By MICHEAL A. GUILFORD
Staff Writer
Late July 2017, Google Engineer, James Damore circulated a 10-page anti-diversity memo amongst engineering staff. By August, internally circulated memo began to cause uproar on Twitter. The content in the memo was divisive but the message clear; women are less biologically suited to science, technology, education and math (STEM) careers than men. By August 7, Damore was fired from Google. According to Damore and his supporters, “Google’s Ideological Echo Chamber” was silencing the voice of “conservative criticism”.
According to the memo circulated by Damore, he attributed the vast underrepresentation and under compensation of females employed in STEM careers as a fault of biological differences making them ill-suited to deal with the rigors and stress of what he deemed an “object “oriented career.
Damore also argues that the gender pay gap is caused by women simply because women were just worse than men, Damore states, “Extraversion expressed as gregariousness rather than assertiveness. Also, higher agreeableness. This leads to women generally having a harder time negotiating salary, asking for raises, speaking up, and leading….”
However, a 2016 study done by Cass Business School in London would disagree finding women are 25% less likely to receive a pay hike when asking. The study also found women ask for raises as often as men do. Data collected by 4600 workers in Australia from 800 employers found women are not only just as tenacious as men when asking for salary increases, but typical arguments about gender differences and lifestyle choices accounting for compensation discrepancies are less than valid, having more to do with inherent bias and discrimination.
Two landmark studies found women, despite having identical qualifications to male counterparts, receive fewer offers. A study done in Philadelphia in 1996 used pseudo job seekers to send resumes applying for table waiting jobs. Interview offers from high priced restaurants were 40% lower for women than for men and job offers were 50% lower than men.
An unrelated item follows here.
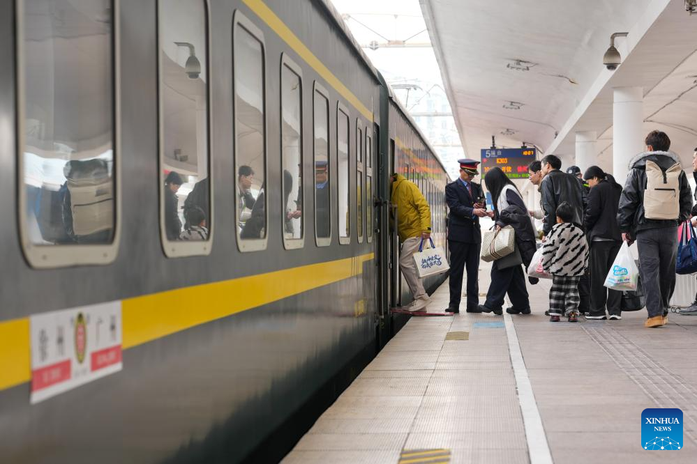 GUANGZHOU, 25 enero, 2026 (Xinhua) -- Pasajeros abordan un tren K303 en la Estación de Ferrocarril de Guangzhou, en Guangzhou, en la provincia de Guangdong, en el sur de China, el 25 de enero de 2026. El tren K303, el último tren convencional partió de aquí el domingo, concluyendo la operación terminal de este tipo de trenes en una estación de un siglo de antigüedad. (Xinhua/Wu Lu)
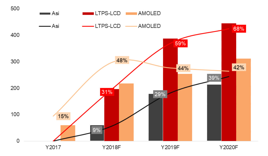 因此,我們預(yù)計從2019年起,無開槽全面屏設(shè)計的手機(jī)產(chǎn)品將逐漸增多,尤其是在高端產(chǎn)品領(lǐng)域?qū)⒂休^為明顯的增長。而這將對在高端手機(jī)領(lǐng)域占有優(yōu)勢的AMOLED面板形成顯著推動作用。根據(jù)群智咨詢(Sigmaintell)的預(yù)測,AMOLED面板中異形屏產(chǎn)品的滲透率在2018年達(dá)到峰值后在2019年將出現(xiàn)萎縮,無開槽全面屏及開孔全面屏將逐漸蠶食異形全面屏的市場份額。而LTPS LCD及a-Si LCD在未來一段時間內(nèi)異形屏仍是較為經(jīng)濟(jì)的顯示解決方案。預(yù)計到2020年,LTPS LCD面板產(chǎn)品中異形屏的滲透率將達(dá)到68%的水平,而定位較為低端的a-Si LCD面板產(chǎn)品中異形屏的滲透率也將達(dá)到39%。

A second set of studies adopting blind auditions for symphony orchestras employed a screen concealing identities of candidates according to a study done by Goldin & Rouse, 2000. “The screen substantially increased the probability that a woman would advance our preliminary rounds and be the winner in the final round.” Switching to blind auditions found a 25% increase of females in the top five symphony orchestras in the United States. Figures rose from less than 5% female musicians in 1970 to 25% in 1996.
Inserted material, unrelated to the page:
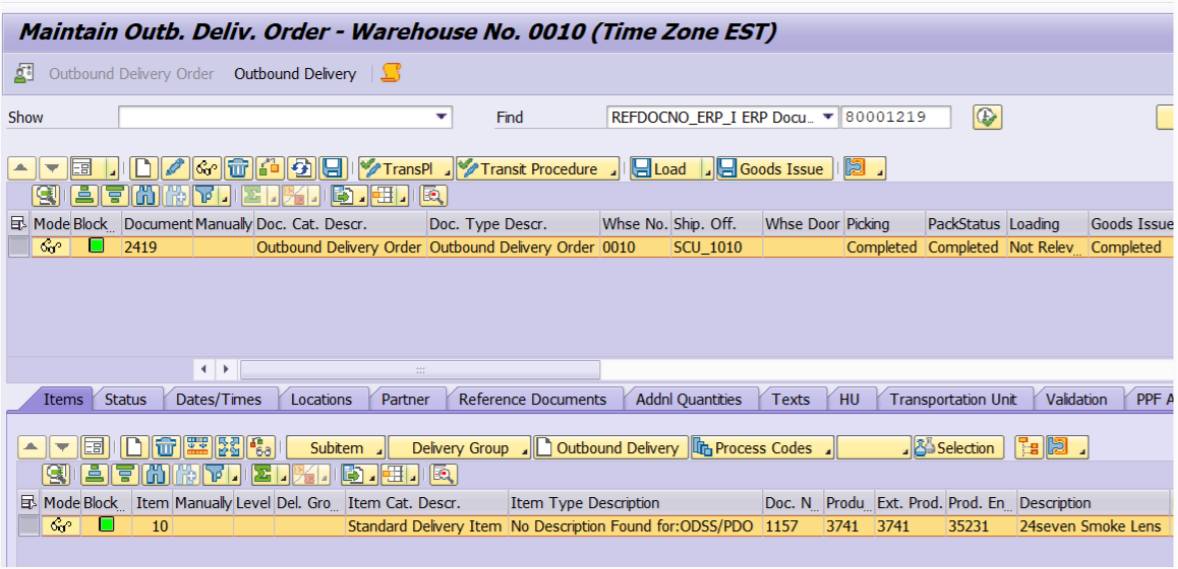 Check /SCWM/PRDO - Maintain Outbound Delivery Order.

Damore’s second observation is even more short sighted and bitterly ironic: “These two differences in part explain why women relatively prefer jobs in social or artistic areas. More men may like coding because it requires systemizing and even within SWEs, comparatively more women work on front end, which deals with both people and aesthetics.” Says Damore.
History, tells another story. Before computers were synonymous with plastic, and microchips, computer was the title given to a human. Programming, was done manually in a field almost exclusively dominated by women. Male engineers considered programming low skilled, akin to clerical work such as typing, filing or answering phones.
Managers offered real work; the work related to managing hardware components to men as software development was considered less important and less masculine. The Programming field was so vogue that Cosmopolitan Magazine heralded programming as chic and fashionable, Brenda D. Frink at Stanfords Gender News explained: “As late as the 1960s many people perceived computer programming as a natural career choice for savvy young women. Even the trend-spotters urged their fashionable female readership to consider careers in programming. In an article titled “The Computer Girls,” the magazine described the field as offering better job opportunities for women than many other professional careers”. Employers began to understand the importance of programming as women suggested hardware improvements, significantly increasing productivity for male counterparts. Men entering programming wanting more status, eventually started masculinizing the field, pushing women out by discouraging their hiring.
Damore’s assertions that women are biologically ill suited to careers in STEM are embarrassingly ignorant when recalling the history of the field.